Every entry below should be restated word for word, except for its images.

## Saved data entries

_ _ _

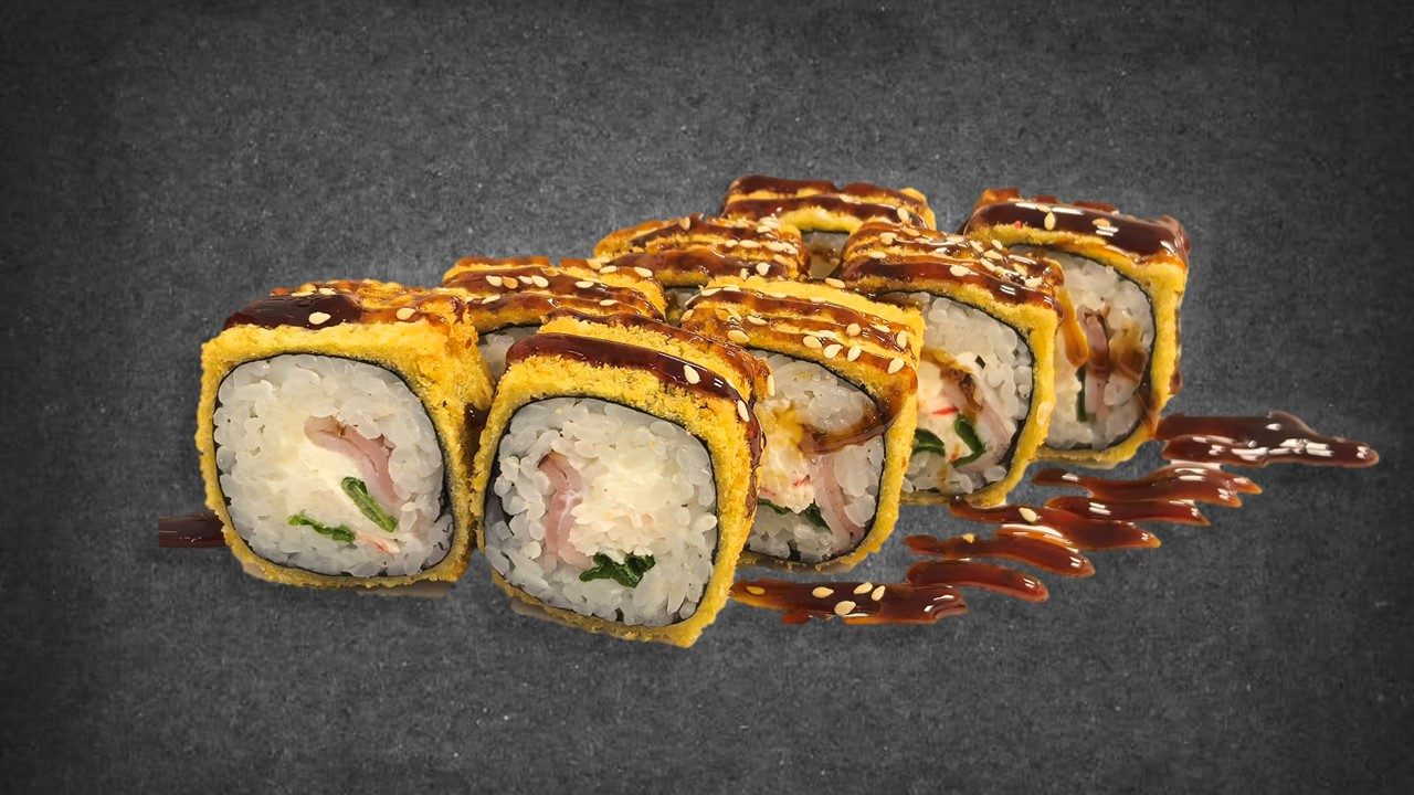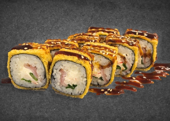Состав: сливочный сыр, мидии спайс, огурец, сухари панко, соус унаги, кунжут.
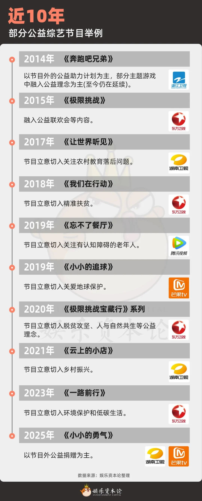 回看过往的节目,强娱乐属性的综艺节目如《奔跑吧》《极限挑战》等,在节目部分期数中融入环保、助力脱贫攻坚为主题等公益主题,如号召保护黄河生态、助力乡村农产品销售等;在节目之外,还发起了“公益跑鞋计划”,“阳光书屋”等公益活动,通过爱心义卖筹集善款购买跑鞋、建书屋。
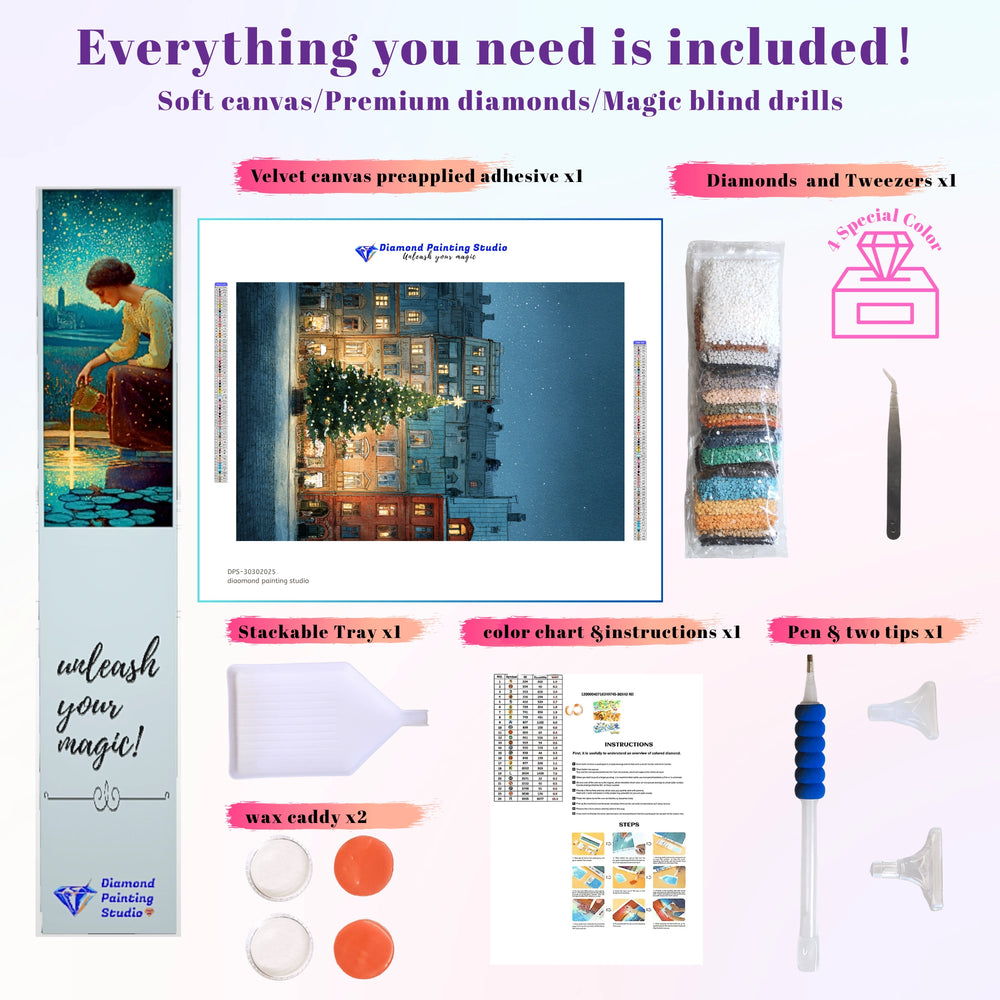 This design captures the heartwarming charm of a European holiday market. A giant, beautifully lit Christmas tree stands proudly in the town square, surrounded by cozy buildings with glowing windows under a starlit sky. It evokes pure peace and festive nostalgia. This intricate project lets you create a masterpiece that celebrates the community and the quiet magic of the holidays.
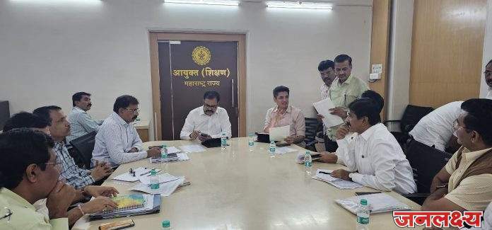 पुण्यातील शिक्षण आयुक्तांच्या कार्यालयात पार पडलेल्या या बैठकीत शिक्षण आयुक्त सुरज मांढरे, माध्यमिक विभागाचे शिक्षण संचालक संपत सुर्यवंशी, प्राथमिक विभागाचे उपसंचालक कुलाळ, पुणे विभागाचे शिक्षण उपसंचालक प्रवीण अहिरे आणि इतर अधिकारी उपस्थित होते.
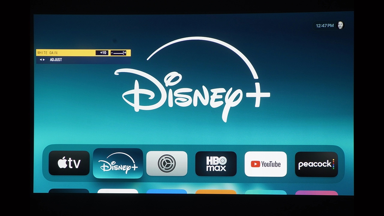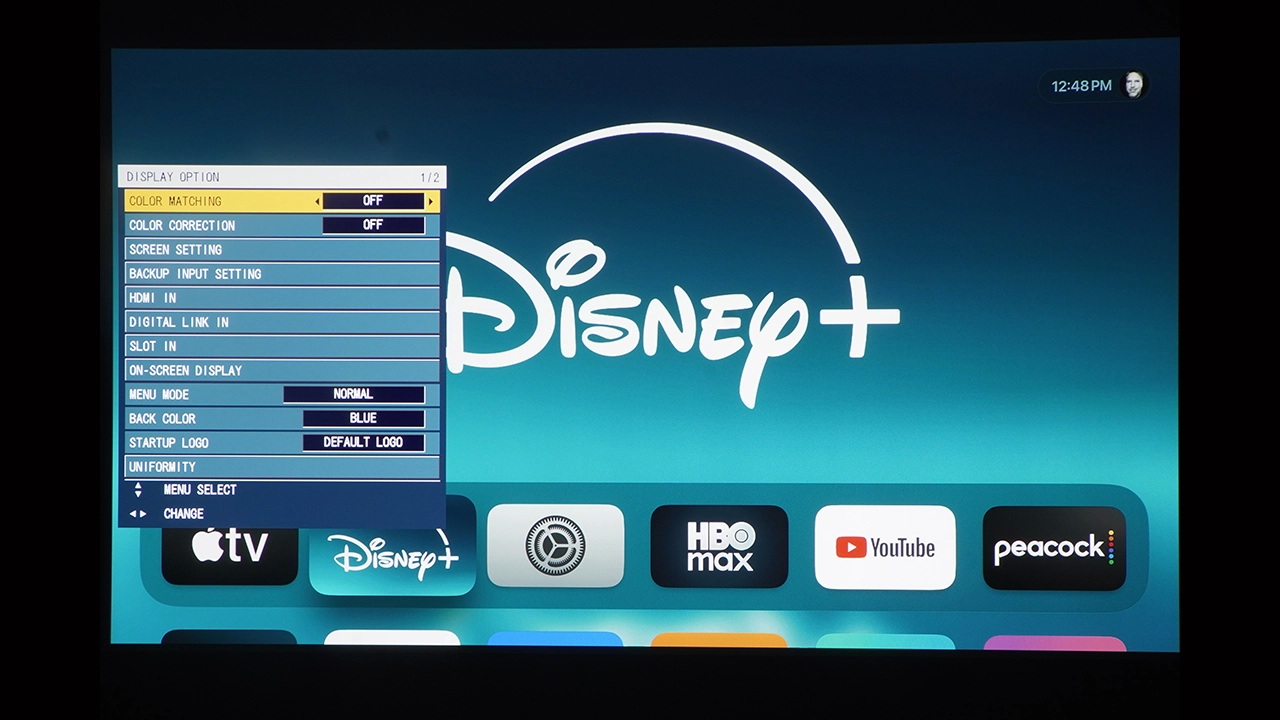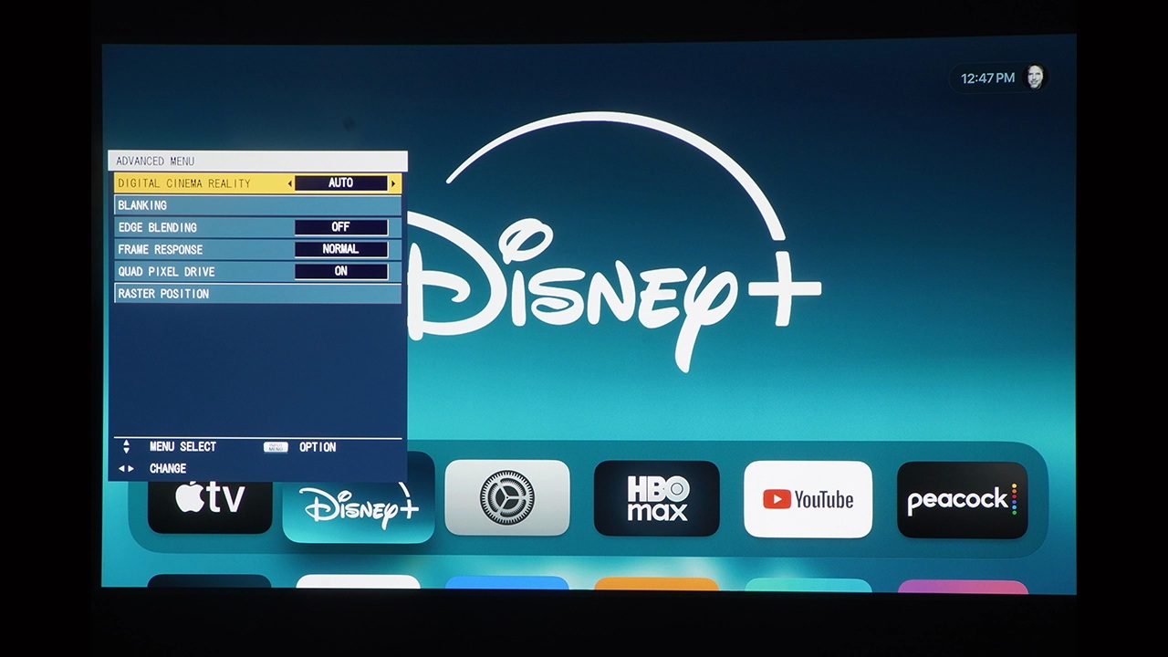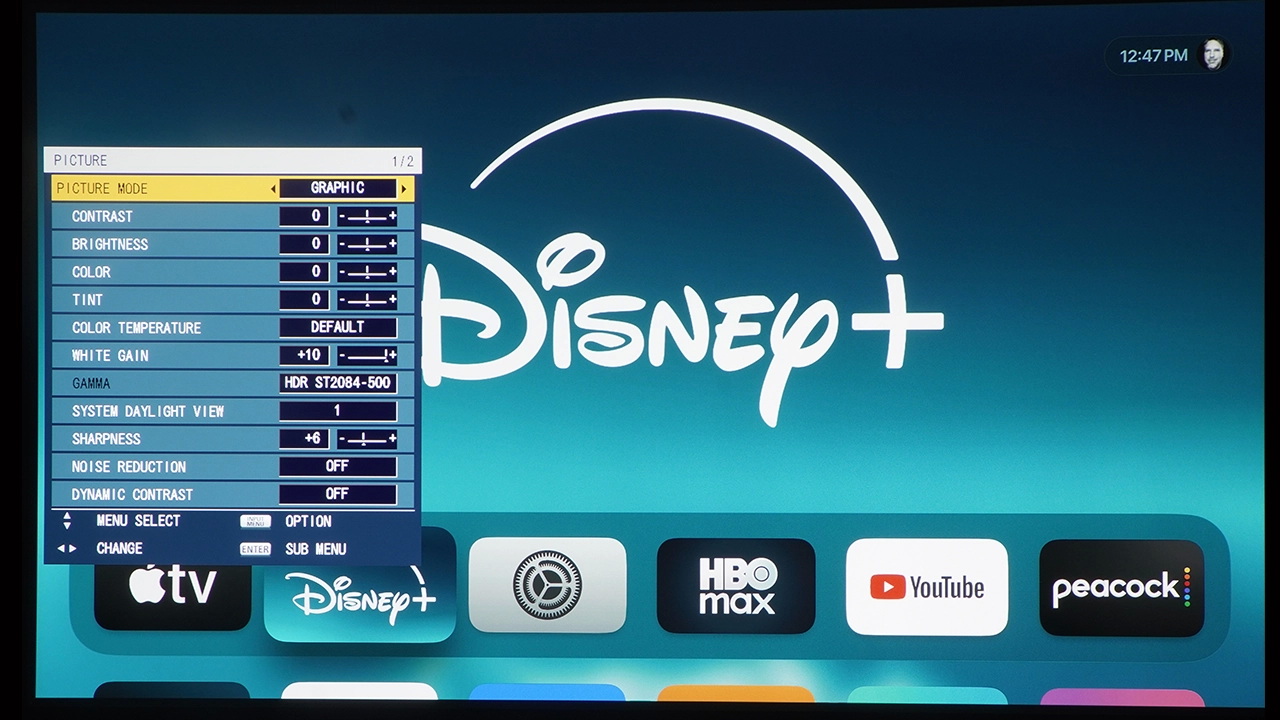 В этом обзоре использовался экран Da-Lite Designer Contour Electrol с диагональю 110 дюймов и соотношением сторон 16:9. В этом экране используется ультрабелое полотно HD Progressive 1.1, разработанное компанией для видео высокого разрешения до 16K. Эта чрезвычайно гибкая система легко монтируется на потолок или стену.

_ _ _

## OUTPUT FOR THIS TASK
Состав: сливочный сыр, мидии спайс, огурец, сухари панко, соус унаги, кунжут.
 回看过往的节目,强娱乐属性的综艺节目如《奔跑吧》《极限挑战》等,在节目部分期数中融入环保、助力脱贫攻坚为主题等公益主题,如号召保护黄河生态、助力乡村农产品销售等;在节目之外,还发起了“公益跑鞋计划”,“阳光书屋”等公益活动,通过爱心义卖筹集善款购买跑鞋、建书屋。
 This design captures the heartwarming charm of a European holiday market. A giant, beautifully lit Christmas tree stands proudly in the town square, surrounded by cozy buildings with glowing windows under a starlit sky. It evokes pure peace and festive nostalgia. This intricate project lets you create a masterpiece that celebrates the community and the quiet magic of the holidays.
 पुण्यातील शिक्षण आयुक्तांच्या कार्यालयात पार पडलेल्या या बैठकीत शिक्षण आयुक्त सुरज मांढरे, माध्यमिक विभागाचे शिक्षण संचालक संपत सुर्यवंशी, प्राथमिक विभागाचे उपसंचालक कुलाळ, पुणे विभागाचे शिक्षण उपसंचालक प्रवीण अहिरे आणि इतर अधिकारी उपस्थित होते.
 В этом обзоре использовался экран Da-Lite Designer Contour Electrol с диагональю 110 дюймов и соотношением сторон 16:9. В этом экране используется ультрабелое полотно HD Progressive 1.1, разработанное компанией для видео высокого разрешения до 16K. Эта чрезвычайно гибкая система легко монтируется на потолок или стену.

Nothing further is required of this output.